Howe would return to form the following season of 1950-51, scoring 86 points to win the scoring title by 20 points over his nearest competition, the first of seven times he would win the Art Ross Trophy.

Howe would continue throughout the 1950's to accumulate championships and awards, winning the Stanley Cup in 1950, 1952, 1954 and 1955, the Art Ross Trophy as scoring champion from 1951-1954 and 1957, and the Hart Memorial Trophy as the league MVP in 1952, 1953, 1957, 1958 and 1960.



It was on this date in 1960 that Howe registered an assist in a 2-0 win over the Toronto Maple Leafs to score his 1,000th NHL point, the first player in the 44 year history of the league to reach that milestone and he did it in his 938th game. It would be another eight years before Jean Beliveau would become the second and another 20 years before Howe would score his final point! Remember, Howe already had 14 years in the league behind him at this point.



1963 would see Howe capture both the Art Ross and Hart Trophies once more and on this date in 1965 Howe would score his 600th NHL goal in a game versus the Montreal Canadiens, becoming the first player in NHL history to record 600 goals. It would be until 1972 until Bobby Hull would become the second to 600.



For comparison, Maurice Richard's final career totals when he retired in 1960 were 544 goals and 965 career points and he surprisingly never led the league in point scoring.

In 1968-69, aided by the recent NHL expansion to 12 teams which created a longer schedule of games against some admittedly weaker opponents, Howe achieved his one and only 100 point NHL season with 44 goals and 58 assists for 103 points.

Today's featured jersey is a 1970-71 Detroit Red Wings Gordie Howe jersey. 1970-71 would be Howe's final season with the Red Wings. This classic style has been used by the Red Wings essentially unchanged since 1932 when the Detroit franchise first adopted the name "Red Wings" after previously being known as the Falcons and the Cougars.

Only detail changes have occurred over the years as this sweater has endured to become a timeless classic.


Today's video is the "Legends of Hockey" profile of Gordie Howe.

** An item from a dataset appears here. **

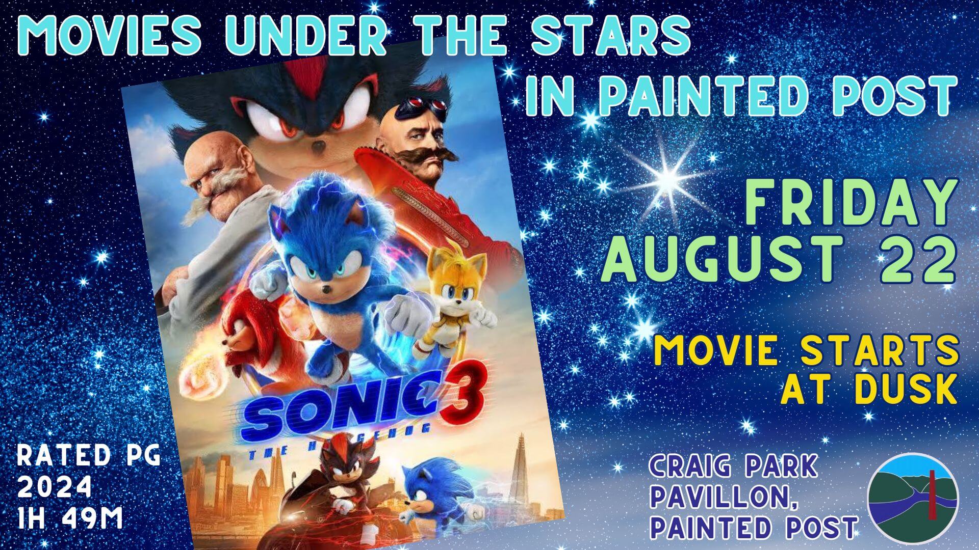 We will meet in Craig Park in Painted Post at dusk (about 8:30 PM) to watch Sonic 3.

Here is an unusual find, Gordie Howe on the TV game show, "What's My Line?" being questioned by Hogan's Heroes' Colonel Klink Werner Klemperer and Soupy Sales. Howe's legendary toughness is apparent, as he is unfazed at being interrogated by a Nazi prison camp commandant.


Gordie tells Keith Olberman how hockey used to be and to respect your elders.



Dasherboard: From the "I Didn't Know That Department", on this date in 1941, the Boston Bruins tied an NHL record by scoring four goals in the 10-minute overtime period to beat the New York Americans 6-2. Overtime was a mandatory full 10 minute period before it was discontinued in November 1942 in favor of the now familiar "sudden death" format.